Snyder v. Phelps - First Amendment - Military Funeral Protesters

     On March 3, 2006, Lance Corporal Matthew Snyder was killed in Iraq in the line of duty.  His funeral was held in his hometown of Westminster, Maryland, at St. John's Catholic Church. 
 
     The Westboro Baptist Church of Topeka, Kansas consists of about 60 members, of whom about 50 are members of one family related to the pastor, Fred W. Phelps, Sr.  Members of the congregation demonstrate near military funerals to gather attention for their crusade against homosexuality and the Roman Catholic Church.  After notifying the media, they showed up outside the church where Matthew Snyder's funeral was held carrying the following signs:
 
"America is Doomed," "God Hates the USA/Thank God for 9/11," "Pope in Hell," "Fag Troops," "Semper Fi Fags," "Thank God for Dead Soldiers," "Don’t Pray for the USA," "Thank God for IEDs," "Priests Rape Boys," and "God Hates Fags."
 
     The trial court found:
 
It was undisputed at trial that Defendants complied with local ordinances and police directions with respect to being a certain distance from the church. Furthermore, it was established at trial that Snyder did not actually see the signs until he saw a television program later that day with footage of the Phelps family at his son’s funeral.
 
     Following the funeral Shirley L. Phelps-Roper posted an "Epic" to the internet entitled "The Burden of Marine Lance Cpl.

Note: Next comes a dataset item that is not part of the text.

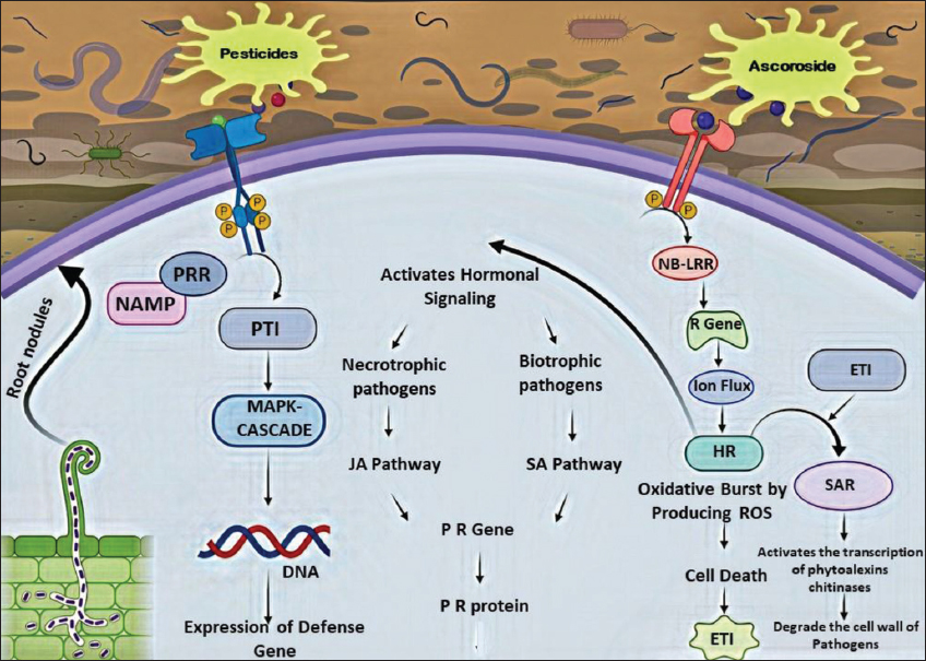 Plants employ a defense mechanism to elude from pathogenic nematodes. Such plants generally consist of different proteinase inhibitors, which provide a suitable defense mechanism against those pathogens. These proteinase inhibitors act on nematode proteases, causing starvation due to nutrition depletion. The nematode surfaces consist of various small signaling molecules, such as the Microbe-Associated Molecular Patterns/Nematode-Associated Molecular Patterns (NAMP), which have a root surface pattern recognition receptor (PRR) [41]. On binding to the PRR, triggering of the pattern or NAMP triggered immunity (PTI) occurs [Figure 4] and thereby initiates the Mitogen-activated protein kinase cascade to eventually activate the plant genes responsible for defense. Countering this, the nematodes secrete an effectors molecule, as caroside, along with the effector molecules to hijack the plant cellular system [42]. About time, sensor proteins such as the nucleotide binding leucine-rich repeat proteins are also put into action, while the pathogen detection would have stimulated the R-gene activation to produce the resistance protein. Soon after activation, the resistance protein causes an ion-flux, involving potassium and hydrogen ions to initiate a hypersensitive response (HR) [43]. This HR causes oxidative burst by producing reactive oxygen species mediated cell death to trigger the deposition of lignin and cellulose around the surrounding cells in an attempt to contain the pathogen infection. Such an event is considered to be a short-term response to infection by the plant. The HR also triggers other types of effectors-triggered immunity inducing systemic acquired resistance enhancing the immunity in plants [44]. In an event of failure of HR, activation of hormonal signaling pathway begins, which is a parasite species specific response. While the necrotrophic parasites induce the jasmonic acid pathway [45], the biotrophic parasites will initially induce the salicylic pathway, which further prompts different hormonal pathways and to activate pathogen-related defense gene(s) of the plant [46]. Following this, PR protein expression is upregulated to act against the nematode infection, in combination with various other protein factors.

Matthew Snyder," stating that Matthew's parents:
 
"taught Matthew to defy his creator," "raised him for the devil," and "taught him that God was a liar."
 

     The Snyder family sued the church for invasion of privacy, intentional infliction of emotional distress, and civil conpiracy.  The jury awarded the Snyders a verdict of over $10 million, which the trial court reduced to $5 million.  The Fourth Circuit Court of Appeals reversed the verdict, finding that the statements by the Phelps family were constitutionally protected under the First Amendment.  The Supreme Court affirmed the decision of the Fourth Circuit.